Lenin's embalmers at a dead end 

Dadan Upadhyay  
MOSCOW, January 17: Short on cash, the embalmers of Lenin's corpse have started looking for private clients, selling their services, patching up and preserving the bodies of rich businessmen shot dead in contract killings and accidents. Russian Interfax news agency quoted Yuri Romakov, the deputy director of the Scientific Centre of Biological Structures as saying that specialists in the institute are forced to use their skills for private clients, who pay them big amounts of money to restore the bodies of victims of contract killings, explosions and car accidents.

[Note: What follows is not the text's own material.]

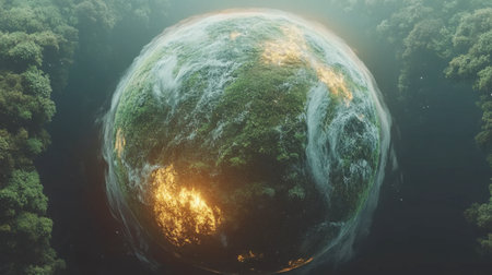 A stunning view of Earth surrounded by lush greenery, highlighting the beauty of nature. This image captures the essence of environmental harmony and vitality.

"It's often a terrible lack of funds that forces them to do this," said Romakov, who has tended the body of world proletarian leader since 1952. He said that many younger scientists have taken private orders from people in Russia to restore bodies for funeral ceremonies. In some cases, bodies are especially "spiced" for long-term preservation in private mausoleums.

In 1993, Yeltsin stopped the funding for maintaining Lenin as he was at the timeof his death in 1924. Currently, the corpse is maintained by the Lenin Mausoleum Charitable Foundation, although the Kremlin still pays for the single officer and two guards on duty inside the mausoleum as well as the contingent of about 30 that mans the tomb during public visiting hours.

The fate of Lenin's embalmed corpse has become a key battleground in the Communist-dominated state Duma's ongoing war of nerves with the Kremlin. Russian President Boris Yeltsin has reiterated on many occasions in the past months his determination to remove the corpse of the Bolshevik leader from his mausoleum at Red Square and bury it beside his mother in St Petersburg as Lenin himself was said to have requested before his death. He has even proposed that a referendum should be held to decide whether to remove Lenin from his red marble tomb.

But Communists remain adamantly opposed to Lenin's removal from the Red Square. The opposition-dominated Duma has even passed a resolution urging Kremlin to keep their hands off thegenius of the October Revolution and let him stay in his mausoleum.

It is only the money from conventional research at the Scientific Centre of Biological Structures that enables a team of 12 specialists to continue tending Lenin's corpse voluntarily.

Twice a week, members of the team visit the mausoleum to apply special reactants to the corpse. Every two years a major overhaul is also performed.

Lenin's 1.34 kg brain has been spread among 30,000 microscope slides, once studied for clues to his genius, it is now stored and ignored in a Moscow laboratory of the Institute of the Brain.